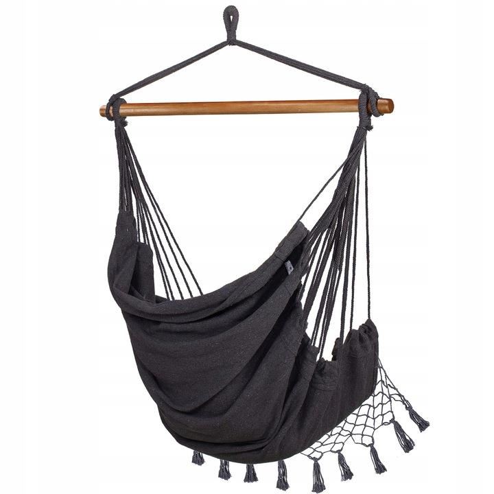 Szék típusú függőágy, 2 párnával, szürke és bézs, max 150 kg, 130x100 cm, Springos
--
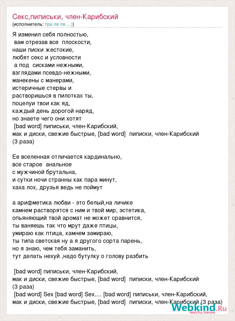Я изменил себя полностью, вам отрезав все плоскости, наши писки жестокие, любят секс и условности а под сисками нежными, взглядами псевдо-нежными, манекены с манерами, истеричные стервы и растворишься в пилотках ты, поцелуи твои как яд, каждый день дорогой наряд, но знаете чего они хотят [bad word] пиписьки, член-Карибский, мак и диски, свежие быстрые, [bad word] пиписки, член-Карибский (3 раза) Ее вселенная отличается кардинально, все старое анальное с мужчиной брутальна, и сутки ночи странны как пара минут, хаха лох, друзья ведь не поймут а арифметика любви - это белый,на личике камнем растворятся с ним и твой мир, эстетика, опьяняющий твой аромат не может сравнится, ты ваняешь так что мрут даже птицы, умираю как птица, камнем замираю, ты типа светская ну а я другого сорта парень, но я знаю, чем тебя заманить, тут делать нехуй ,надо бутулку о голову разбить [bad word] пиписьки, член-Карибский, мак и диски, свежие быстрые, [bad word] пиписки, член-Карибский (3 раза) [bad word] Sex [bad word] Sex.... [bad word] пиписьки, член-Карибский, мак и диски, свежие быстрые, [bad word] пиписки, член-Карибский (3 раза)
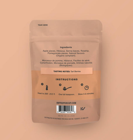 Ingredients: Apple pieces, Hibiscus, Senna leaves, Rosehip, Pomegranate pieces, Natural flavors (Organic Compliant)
==
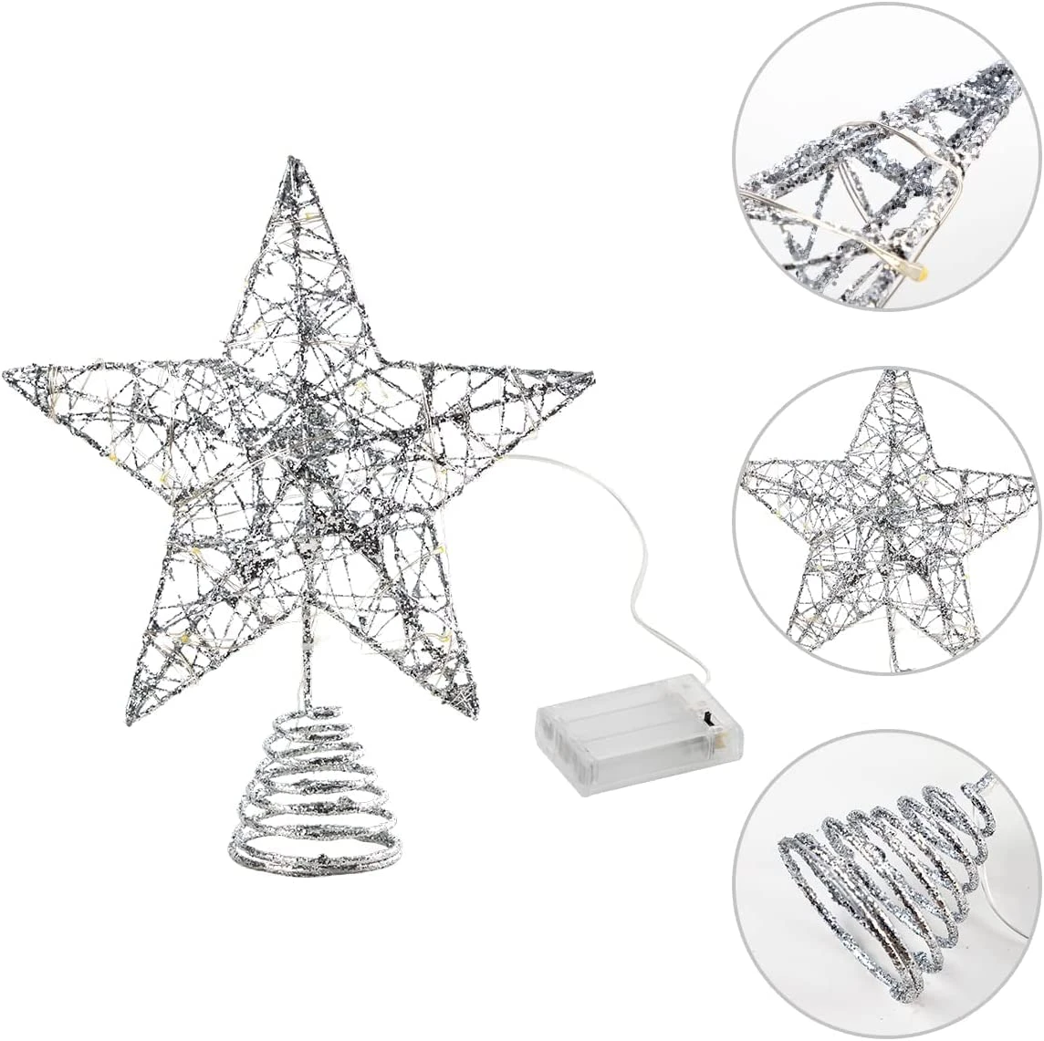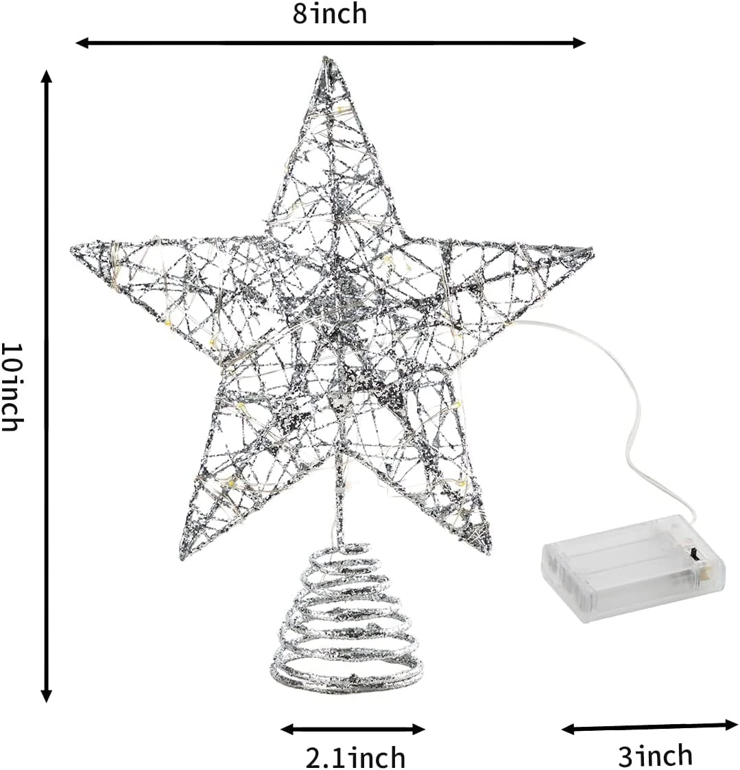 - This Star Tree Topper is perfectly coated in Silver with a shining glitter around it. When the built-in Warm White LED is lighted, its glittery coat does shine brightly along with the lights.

What the exercise asks — Of the lines above, quote exactly those from the one with "Я изменил себя" through the one with "Ingredients: Apple pieces, Hibiscus, Senna", ends included; pictures stay out.

Answer box —
Я изменил себя полностью, вам отрезав все плоскости, наши писки жестокие, любят секс и условности а под сисками нежными, взглядами псевдо-нежными, манекены с манерами, истеричные стервы и растворишься в пилотках ты, поцелуи твои как яд, каждый день дорогой наряд, но знаете чего они хотят [bad word] пиписьки, член-Карибский, мак и диски, свежие быстрые, [bad word] пиписки, член-Карибский (3 раза) Ее вселенная отличается кардинально, все старое анальное с мужчиной брутальна, и сутки ночи странны как пара минут, хаха лох, друзья ведь не поймут а арифметика любви - это белый,на личике камнем растворятся с ним и твой мир, эстетика, опьяняющий твой аромат не может сравнится, ты ваняешь так что мрут даже птицы, умираю как птица, камнем замираю, ты типа светская ну а я другого сорта парень, но я знаю, чем тебя заманить, тут делать нехуй ,надо бутулку о голову разбить [bad word] пиписьки, член-Карибский, мак и диски, свежие быстрые, [bad word] пиписки, член-Карибский (3 раза) [bad word] Sex [bad word] Sex.... [bad word] пиписьки, член-Карибский, мак и диски, свежие быстрые, [bad word] пиписки, член-Карибский (3 раза)
 Ingredients: Apple pieces, Hibiscus, Senna leaves, Rosehip, Pomegranate pieces, Natural flavors (Organic Compliant)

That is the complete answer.